What did he do to her? she thought.
She reached for the beaker of coffee she’d made earlier, realising with a grimace that it was now cold. She closed the diary, put it on the floor with the envelope, and rose to go to the kitchen.
She was waiting for the kettle to boil when the door bell sounded.
Della must have forgotten her key again, she thought, although it seemed rather early for the birthday celebrations to have ended.
A teasing remark already forming in her mind, she walked to the front door and threw it open.
And stood, as if turned to stone, as she stared at her caller.
‘Good evening,’ said Caz Brandon, and he smiled at her.
CHAPTER FIVE
SILENCE stretched between them, threatening to become endless as shock held her motionless. Speechless. Yet she had to do something…

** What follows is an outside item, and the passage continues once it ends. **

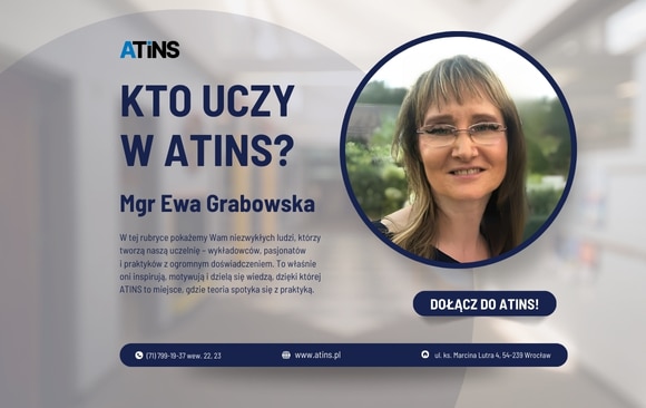 Dziś przedstawiamy mgr Ewę Grabowską – osobę, która od 2005 roku związana jest z naszą Uczelnią i odgrywa ogromną rolę zarówno w dydaktyce, jak i w życiu instytucjonalnym ATINS.

‘You.’ Her mouth was dry. She hardly recognised her own voice. ‘What are you doing here?’
His shrug was rueful. ‘I’d hoped to take you to dinner, but my flight was delayed, so my guess is you’ve already eaten.’
He paused, the cool hazel gaze sweeping over her. His expression did not change, but Tarn’s instincts told her that he knew perfectly well that she was naked under the towelling robe. She had to resist an impulse to tighten her sash, and draw the lapels more closely to her throat.
He added, ‘I seem to have called at an inopportune moment, so maybe a drink is out of the question too?’
She made no immediate response and his brows rose with faint mockery. ‘Another loaded silence,’ he remarked. ‘I suppose I shall have to become accustomed to that.’
She went on staring at him. ‘How did you find me?’
‘Quite easily. Your contact details including your address are all logged at the office—as you must know.’
Of course she did, but she was playing for time, trying to pull her scattered wits together.
She said slowly, ‘I’m not exactly geared up for going out. And we don’t keep much in the way of alcohol.’
&
nbsp; ‘I’d settle for coffee,’ he suggested. ‘I might even drink it here at the door, if you insist.’ He went on softly, ‘Although I promise I don’t pounce, or, at least, not without a serious invitation.’
Her smile was brief and unwilling. ‘I think it would probably be better if you came in.’
He followed her into the flat. ‘You looked as if you’d seen a ghost,’ he commented. ‘Surely you were expecting me to make contact?’
‘Not really.’ She hunched a shoulder. ‘Men often say things that they don’t mean, or that appear less enticing the next day.’
‘Then you must have been unlucky in your men friends.’
As she walked ahead of him into the sitting room, the first thing she saw was Evie’s diary lying on the carpet by the sofa.
Oh, God, she thought. Having been involved so closely with her, he’ll recognise that as soon as he sees it.
She said with a kind of insane brightness, ‘It’s so untidy in here. I must apologise.’
She moved quickly, gathering it up under the cover of the envelope that lay beside it, and pushing them both on to a shelf in the bookcase.
Caz was glancing round. ‘This is a pleasant room.’
Better than the place you found for Evie…
Aloud she said, ‘Thank you. Won’t you sit down?’
‘I have been sitting,’ he said. ‘On a plane, and then in the car that picked me up at the airport. May I help with the coffee instead?’
She hesitated, then led the way to the kitchen. It was a comfortable size, but tonight it felt cramped, as if by the simple action of turning from the sink to the worktop and from the worktop to a cupboard, she would brush against him.
She was almost surprised to discover she’d managed to assemble the coffee beans, the grinder and the percolator without any physical contact with him whatsoever.
Yet it was the mental awareness of him that she found so disturbing. The consciousness that he was leaning against the doorframe silently observing her flustered preparations.